Please don't go down that road.

Let's not have two incompatible markup languages, both called "MathML,"
one of which can be embedded in HTML5, the other in XHTML.

If you want MathML-in-HTML5, create a profile (along the lines of
XHTML's Appendix C) of MathML 2.0 that is safe to consume by the
Tag-Soup parser.

--
PGP public key: http://golem.ph.utexas.edu/~distler/distler.asc

Roger B. Sidje

unread,
Oct 3, 2006, 1:48:17 AM10/3/06
to White Lynx, www-...@w3.org, dev-tec...@lists.mozilla.org
On 28/09/2006 10:44 PM, White Lynx wrote:

> I consider switching from XML to text/html as inappropriate and
> pointless development, morover it is damaging in long term perspective.

Damaging to what? To MathML? Not really in my opinion. What damage could
there be to have plenty of MathML formulas on the web?!? But to the
XML/XHTML agenda, possibly. And that has been the real "problem" since
the beginning, and which I alluded to in my opening post. It wasn't a
fight fitted for a niche MathML that was already struggling to make a
name for itself.

Interested in using MathML? First pass that XHTML barrier, and that
wasn't even a small barrier.
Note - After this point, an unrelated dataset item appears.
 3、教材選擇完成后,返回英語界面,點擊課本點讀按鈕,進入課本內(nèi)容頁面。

It was a significant barrier, taking seven
years before IE understood application/xhtml+xml. As for the fact that

"the people that yesterday argued that we all must switch to XHTML,

today argue that HTML5 is the only way to go". Speaking generally (or
specifically w.r.t. MathML)? People had to switch to XHTML to get MathML
-- it wasn't even a matter of choice. C.f. again this very insightful
post on the matter.
http://groups.google.com/group/netscape.public.mozilla.mathml/msg/4d58c35217afcb54?dmode=source

So after all these years making the case for something else (XHTML),
what this thread is about is to make <math>...</math> works everywhere,
especially where it still matters the most today, and that is HTML5. As
I indicated, my original take is for <math>...</math> to work as-is --
as we have come to know and enjoy it. But it is obvious that this new
mixing has to be defined somehow, even if we later come to a conclusion
saying that it is an opaque <object>, or a profile of some sort.
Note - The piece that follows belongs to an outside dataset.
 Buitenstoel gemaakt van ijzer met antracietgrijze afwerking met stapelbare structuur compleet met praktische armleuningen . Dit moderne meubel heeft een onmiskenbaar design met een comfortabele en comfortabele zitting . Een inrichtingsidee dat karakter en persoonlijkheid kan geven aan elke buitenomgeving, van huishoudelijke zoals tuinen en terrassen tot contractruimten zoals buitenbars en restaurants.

But I hope that as further insight is gathered through the
proof-of-concept, it turns out that <math>...</math> is just fine, and
that interoperability issues won't be thrown at an already special niche
technology. While on this, I should stress that tag-soug is possible
anywhere, although this is often not mentioned because the extent is
much different. Well-formed tag-soup (as odd as it sounds...) is
possible, which is why these reddish "invalid-markup" messages sometimes
pop in Gecko's MathML rendering. Such things are left undefined by the
spec. However, in the case of MathML where the markup is generated
automatically by software, there is no particular reason to believe that
these generators will suddenly start to generate an indigestible
tag-soup. So it is not quite realistic to over-emphasize this issue.

MathML already works in XML/XHTML and this proposal is not going to
break that. But there is little else to gain there (as far as MathML in
concerned). Publishers who use XML in their back-end production line can
continue to do what they have been doing.
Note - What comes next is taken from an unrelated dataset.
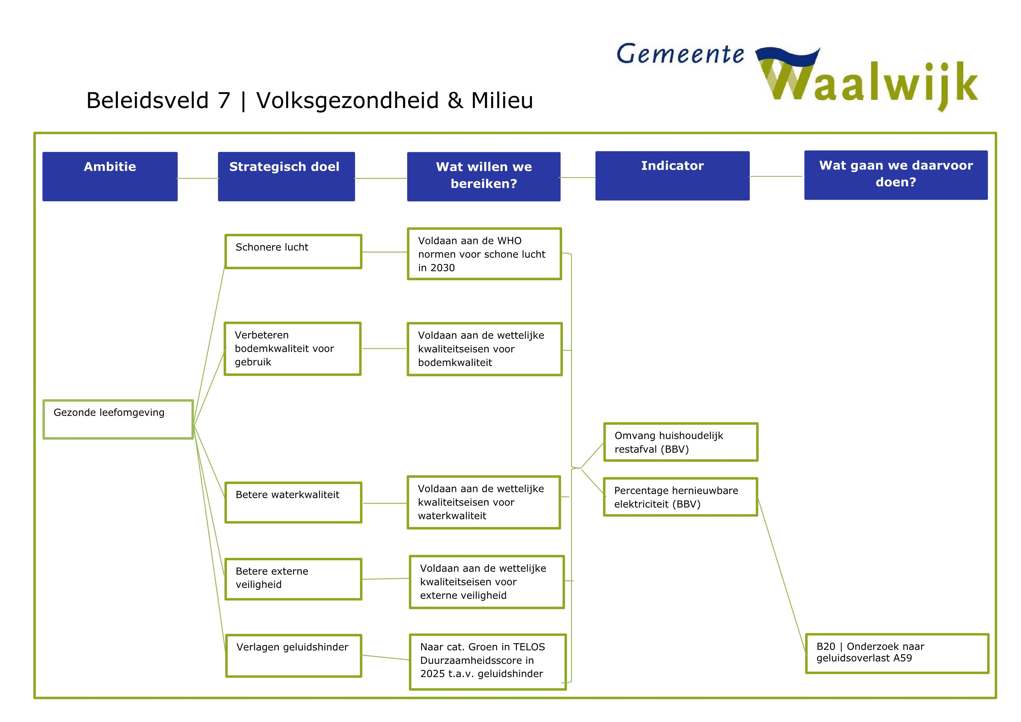 De gemeente Waalwijk heeft zich aangesloten bij het landelijk Schone Lucht Akkoord. Dit betekent dat in de gemeente Waalwijk in 2030 overal voldaan moet worden aan de World Health Organization (WHO) normen. Hiervoor wordt een gemeentelijk uitvoeringsprogramma vastgesteld. Het RIVM is bezig met het opstellen van indicatoren. Deze verwachten wij in 2021.

However, MathML stands to win more (especially individual users) in the
front-end by being in HTML (HTML5 for that matter). This might also
encourage those building HTML authoring tools to consider interfacing
MathML (either with free or commercial plug-ins) because the XML/XHTML
barrier won't be standing right at their face. (On the issue of the
verbosity of MathML, this wouldn't be much of an issue if people didn't
have to stare at the MathML. In fact, when I look at HTML+Javascript+CSS
pages these days, they are also quite cryptic... It is possible to have
invisible/collapsible MathML in an editor interfaced to a plug-in?
Surely for people who have experience building comprehensive editors.
But with the XHTML barrier they can't even chime in...)

I am sure by now that it should be evident that it is XML/XHTML that
stand to lose with MathML enabled in HTML5. Anyway, XHTML doesn't seem
to be going anywhere. (How often does one stumble on a page served as
application/xhtml+xml -- if it isn't a page with MathML?) In any case,
as I indicated, it will still work there, maybe not just as _the_
selling argument that it is now. (Many math pages wouldn't have bothered
with XHTML if it had been possible to have MathML in HTML, and that's
where their loss might come from. But does it really matter? Read Robert
Miner's earlier post again.)

To advance MathML, we contributed a great deal to XML/XHTML and pushed
for them so much that it is very easy to forget the initial focus.
MathML-in-HTML5? Worth a try. The thread is now about the issues in
prototyping this, and the benefits (or otherwise) for MathML and math on
the web. And I must say I don't see that much disadvantages in enabling
MathML everywhere at this point.
---
RBS

Paul Topping

unread,
Oct 3, 2006, 2:27:42 AM10/3/06
to Roger B. Sidje, White Lynx, www-...@w3.org, dev-tec...@lists.mozilla.org
This all sounds vaguely familiar. When MathML (and Mozilla) were new,
many of us argued for MathML support in Mozilla's HTML parser for many
of the same reasons I see here. We were told by the Mozilla chieftains
that this would only happen over their dead bodies and that XHTML was
the only way we were going to get MathML support. Perhaps it did take us
7 years to get IE to work with a XHTML+MathML but IE has also had a
solution for MathML embedded in HTML for even longer.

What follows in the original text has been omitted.